### Exercise instructions
Shown below are entries with pictures; the line with "Escape to your" through the line with "Bhabinkamtibmas Polsek 5anjung" is the span to retype exactly, and the pictures stay out.
-- -- --
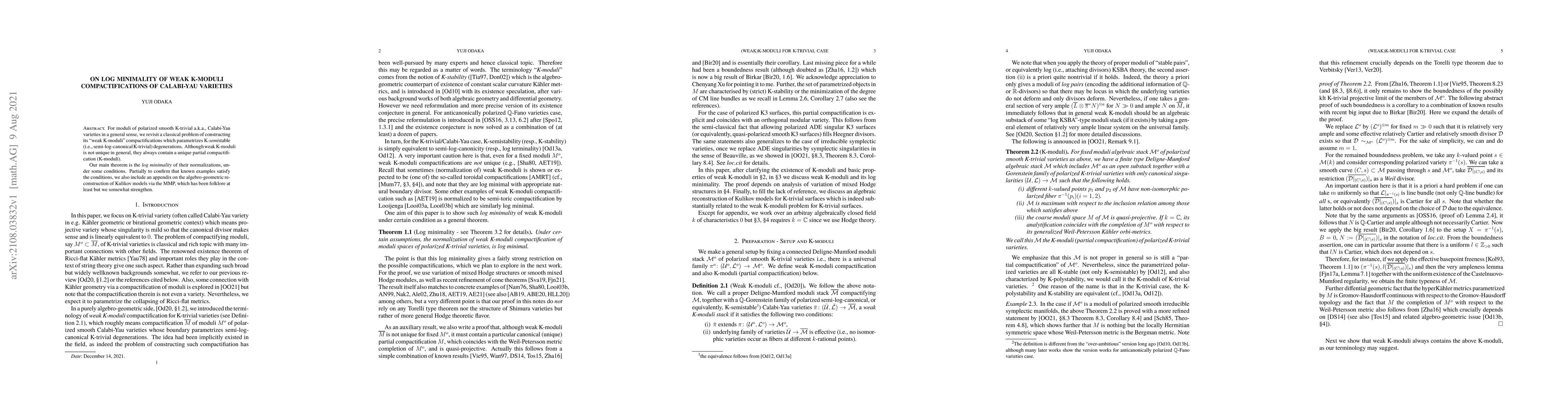 The paper proves the log minimality of normalizations for weak K-moduli compactifications of Calabi-Yau varieties under certain conditions. An appendix provides an algebro-geometric reconstruction of Kulikov models using the Minimal Model Program (MMP).
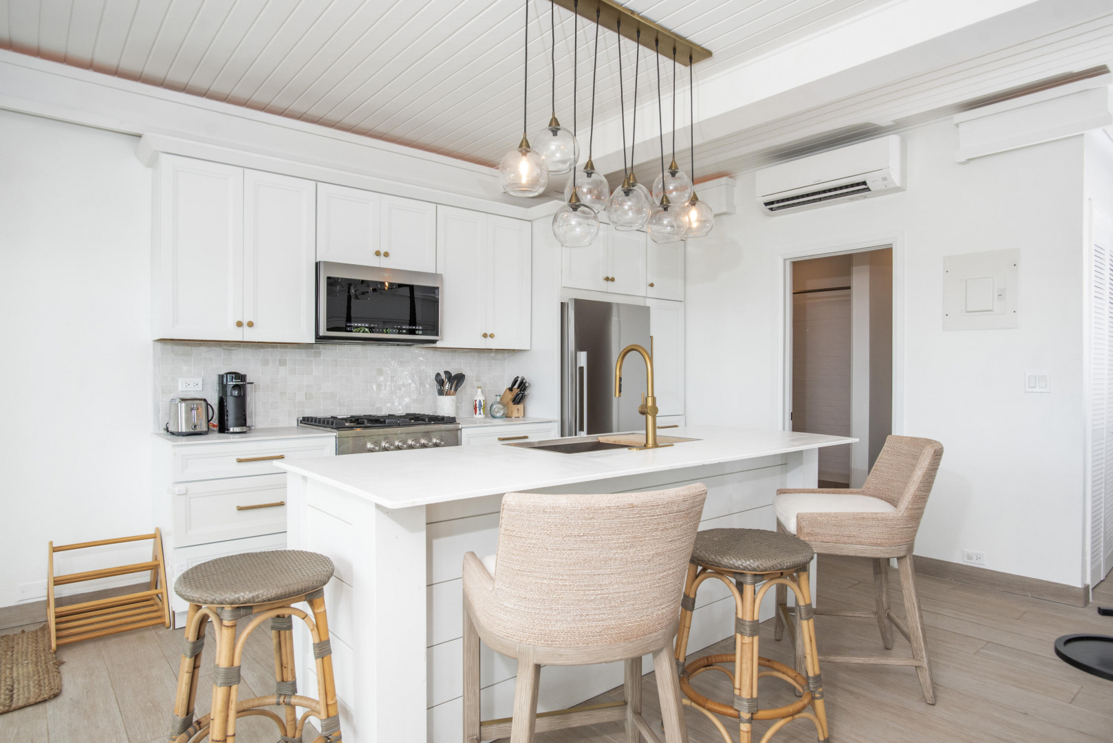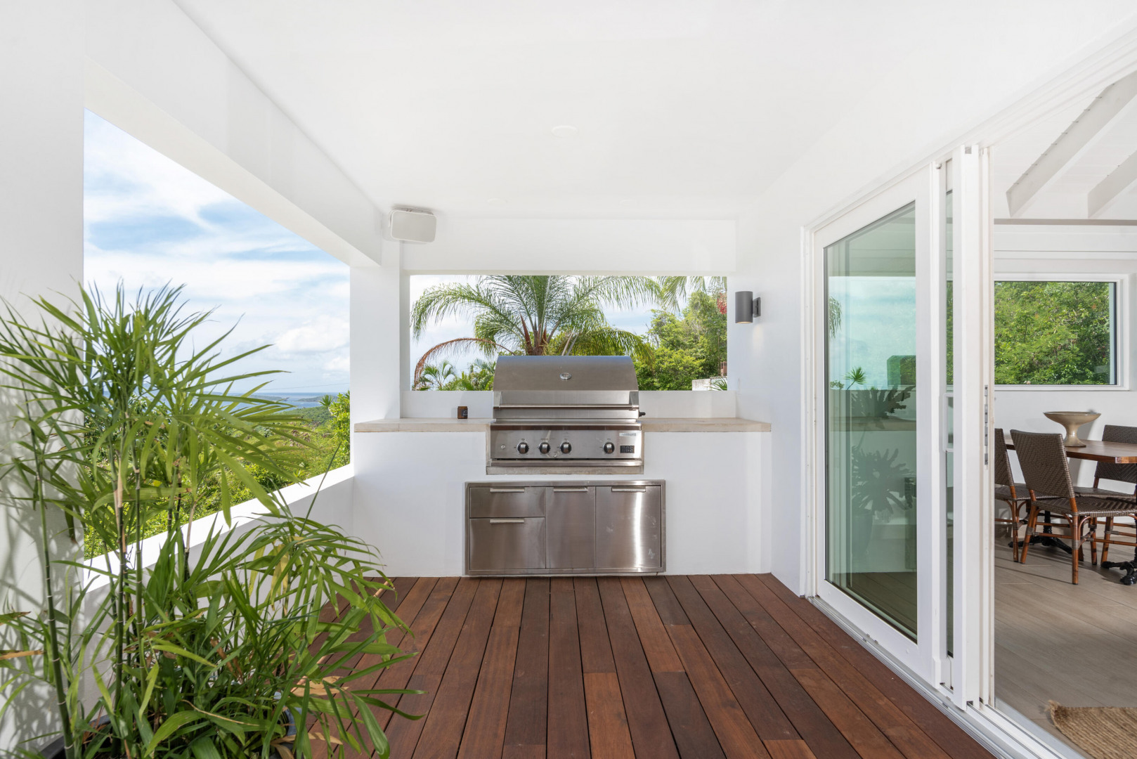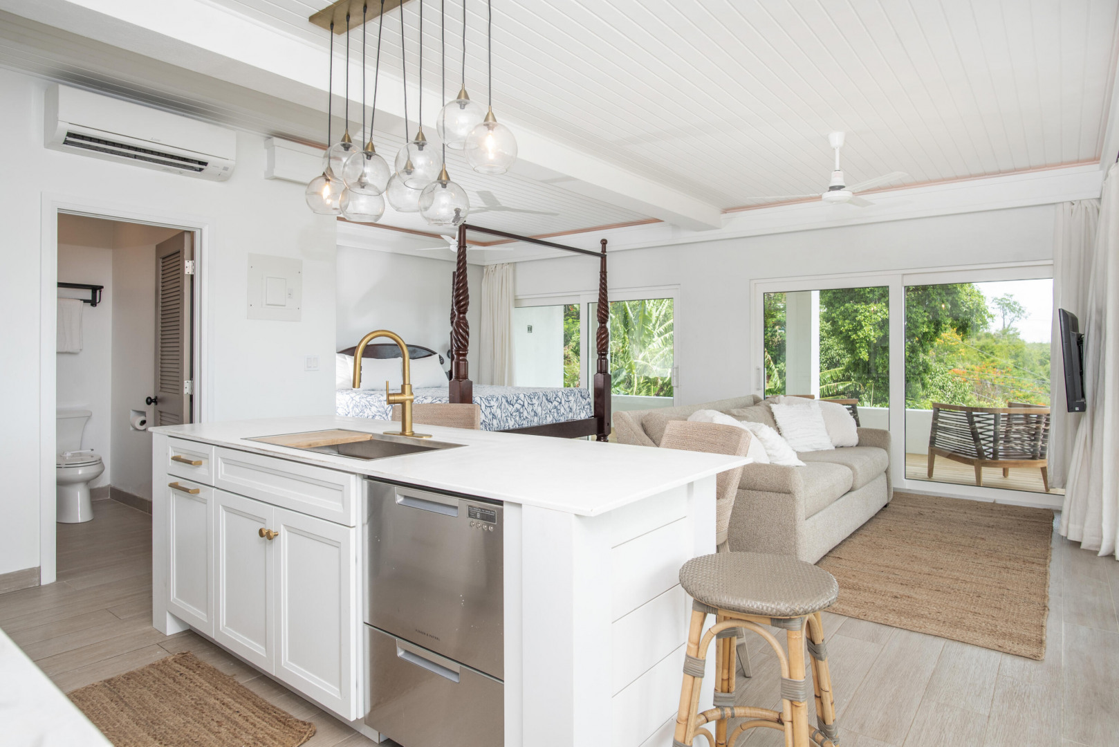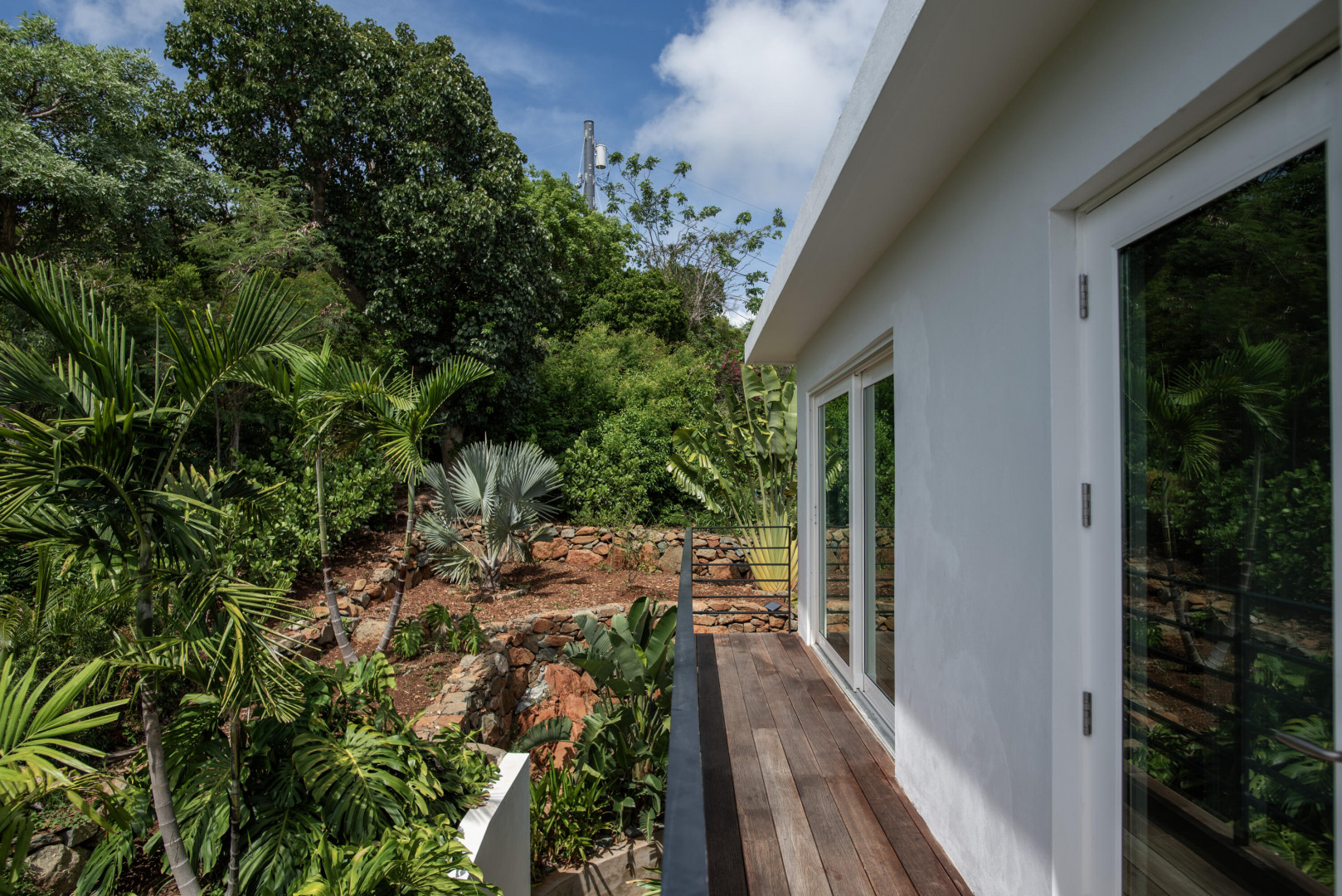Escape to your refuge overlooking Cruz Bay with this newly reimagined villa offering an unparalleled blend of comfort, beauty, and location - making it the perfect retreat for those seeking a convenient yet tranquil Caribbean getaway. Boasting a flexible two-level design, the open plan two bedroom/two bath main floor can be enjoyed in tandem with or separate from the self-sufficient lower-level studio unit. Both levels offer classic wrap around porches framing panoramic western views featuring nightly sunsets over Pillsbury Sound, St. Thomas and numerous outlying cays. -
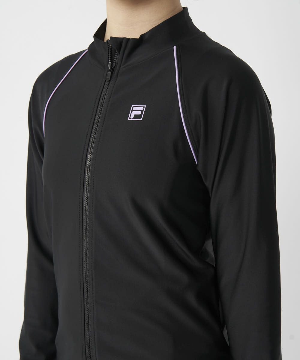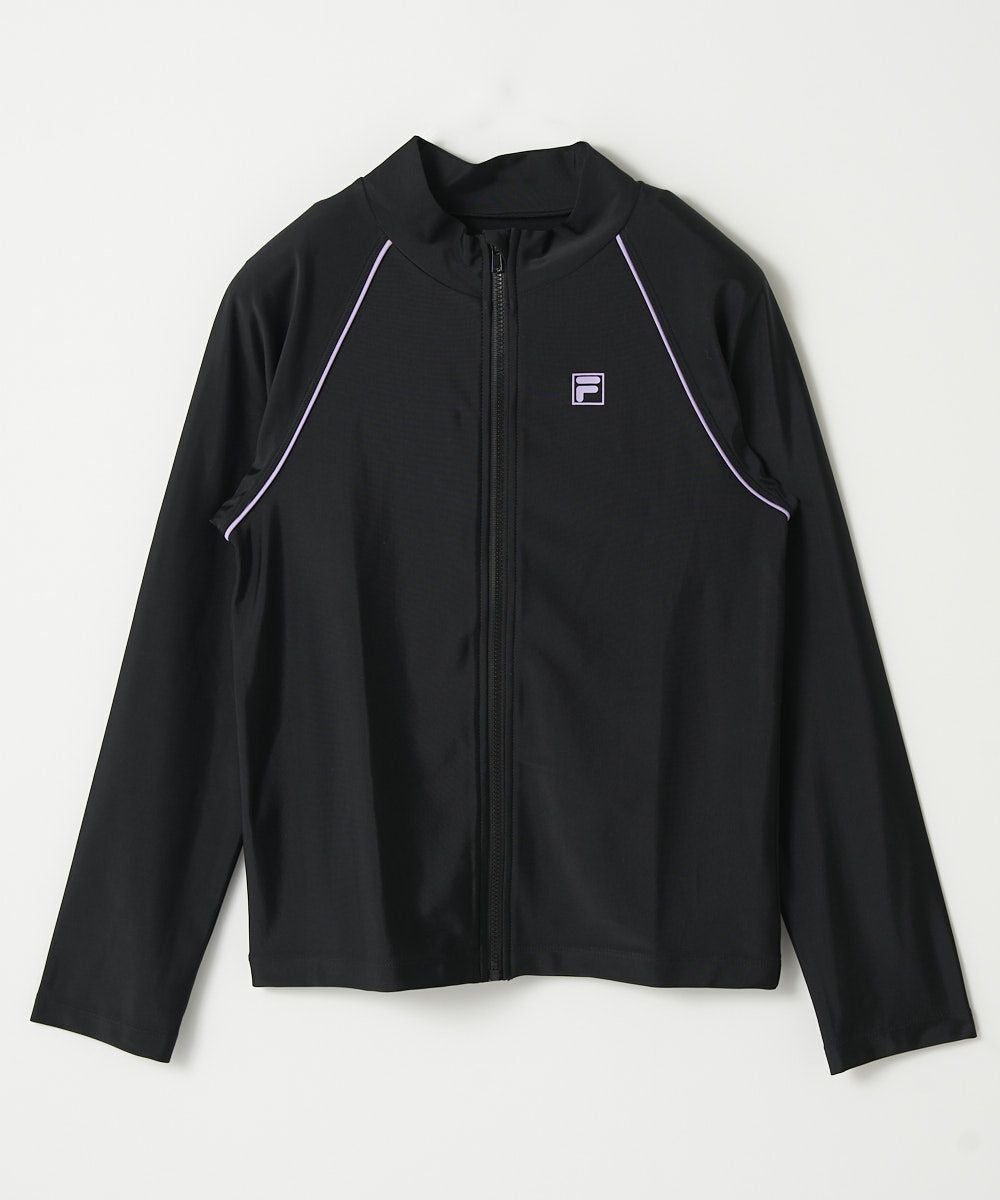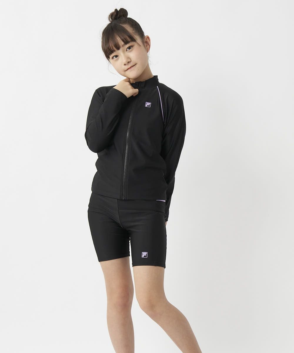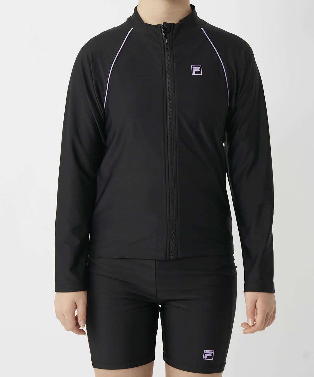 キッズ 長袖フルZIPラッシュガード/ブラック×パープル
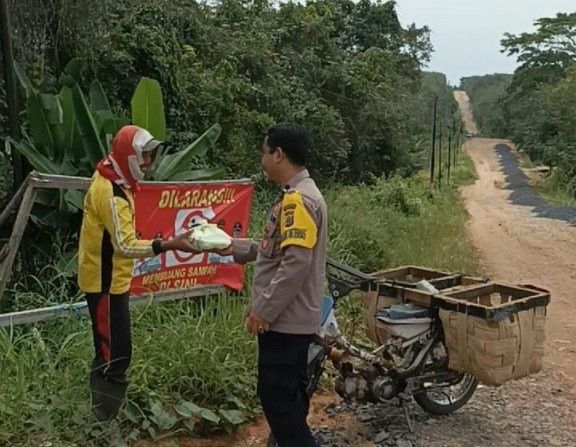 Bhabinkamtibmas Polsek 5anjung Raya Menyampaikan Pesan Kamtibmas Desa Bangun Jaya
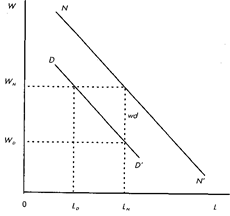 Рис. 8.4. Занятость и заработная плата дискриминирумой группы предельного денежного продукта труда обеих групп в отсутствие дискриминации (эта же кривая соответственно является и кривой спроса на труд). В условиях дискриминации кривая спроса на труд дискриминируемой группы DD ’ сдвинется влево на величину, равную wd , определяемую коэффициентом дискриминации. Если рассматривать сдвиг кривой как вертикальный сдвиг, то это означает, что дискриминирующий работодатель готов нанять одинаковое количество (LN ) работников дискриминируемой и недискриминируемой группы, только если ставка заработной платы работников дискриминируемой группы равна WD . Если же рассматривать сдвиг кривой как сдвиг по горизонтали, то это означает, что работодатель готов при равной ставке заработной платы WN для обеих групп работников нанять только LD работников дискриминируемой группы. Один из главных выводов из модели склонности к дискриминации заключается в том, что дискриминирующий работодатель будет нести дополнительные издержки и в условиях совершенной конкуренции в долгосрочном периоде будет вытесняться с рынка недискриминирующими работодателями. До того же, как это произойдет, дискриминация на рынке труда будет сохраняться и выражаться в меньшей заработной плате работников дискриминируемой группы. Рынок труда при наличии работодателей, склонных к дискриминации, представлен на рис. 8.5. По вертикальной оси расположено отношение заработной платы дискриминируемых работников к заработной плате
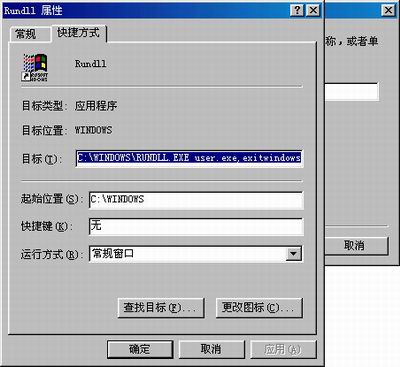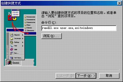 在桌面上右击选择新建菜单下的快捷方式,然后输入rundll.exe user.exe,exitwindows(如图1),为我们创建的快捷方式起一个名称,保存退出,这个时候我们只需要双击该快捷方式就可以退出WINDOWS,如果我们输入rundll.exe user.exe,exitwindowsexec,就是创建了一个不重新引导就启动WIN9X的快捷方式。
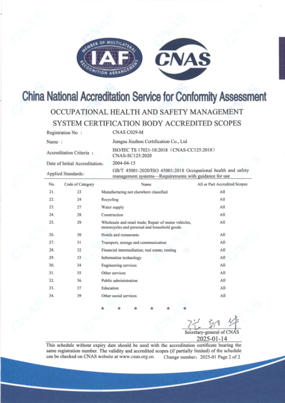 职业健康安全管理体系认可业务范围-英文2
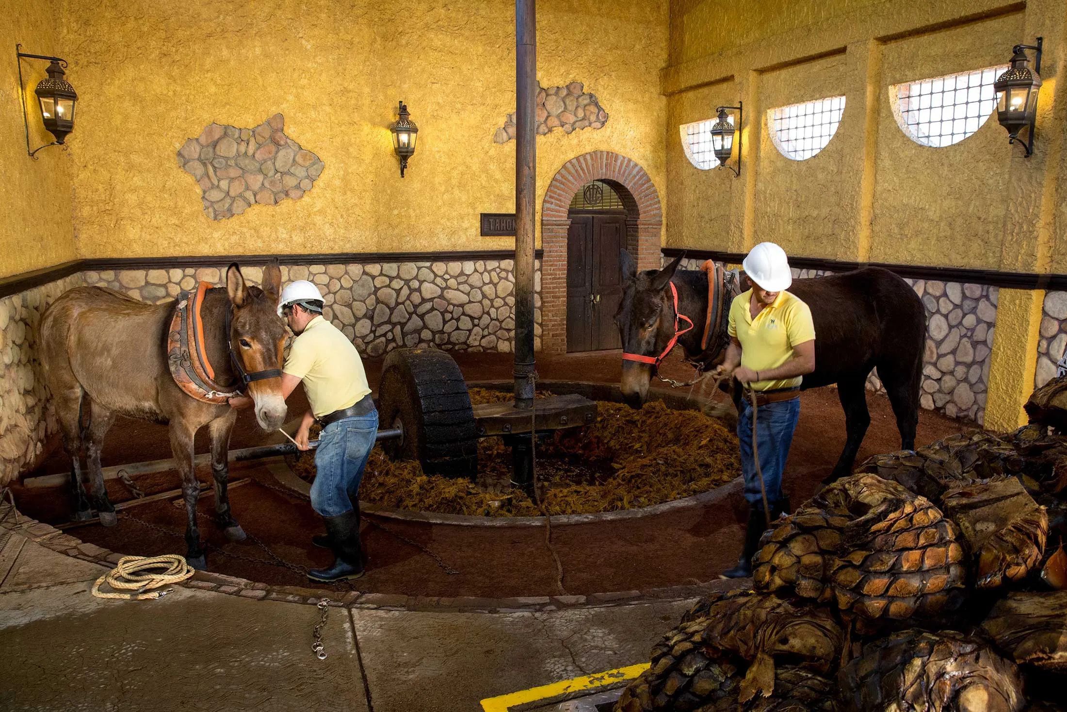 在Siete Leguas,最后一家使用动物动力进行磨粉的龙舌兰蒸馏厂的员工和骡子队。摄影师:玛丽·安妮·安德烈两年后,努涅斯为他找到了在El Viejito担任生产经理的工作。阿尔卡拉斯在蒸馏室里搭了一个床铺,睡在那里,以便学习铜锅和线圈在每个蒸馏阶段的声音。在烈酒公司La Madrileña雇佣El Viejito制作其龙舌兰后,阿尔卡拉斯进行了实验,直到找到一种高效的发酵酵母,用于一条出口到美国的产品,名为Two Fingers Tequila。Two Fingers以一个名为奥尔特加的两指男人的虚构故事进行营销,吸引了派对者,而非鉴赏家。它大获成功,成为第一个乘着60年代和70年代初由何塞·库埃尔沃、索萨和埃尔哈杜拉等大牌品牌开启的成功浪潮的新品牌。
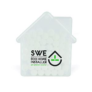 Plastic house shaped mint card with approx. 50 sugar free mints per card (approx. 8g). Ingredients sticker and seal included. Gluten free and Vegetarian, not suitable for Vegans due to bees wax.
-- -- --
### Result of this task
Escape to your refuge overlooking Cruz Bay with this newly reimagined villa offering an unparalleled blend of comfort, beauty, and location - making it the perfect retreat for those seeking a convenient yet tranquil Caribbean getaway. Boasting a flexible two-level design, the open plan two bedroom/two bath main floor can be enjoyed in tandem with or separate from the self-sufficient lower-level studio unit. Both levels offer classic wrap around porches framing panoramic western views featuring nightly sunsets over Pillsbury Sound, St. Thomas and numerous outlying cays. -
 キッズ 長袖フルZIPラッシュガード/ブラック×パープル
 Bhabinkamtibmas Polsek 5anjung Raya Menyampaikan Pesan Kamtibmas Desa Bangun Jaya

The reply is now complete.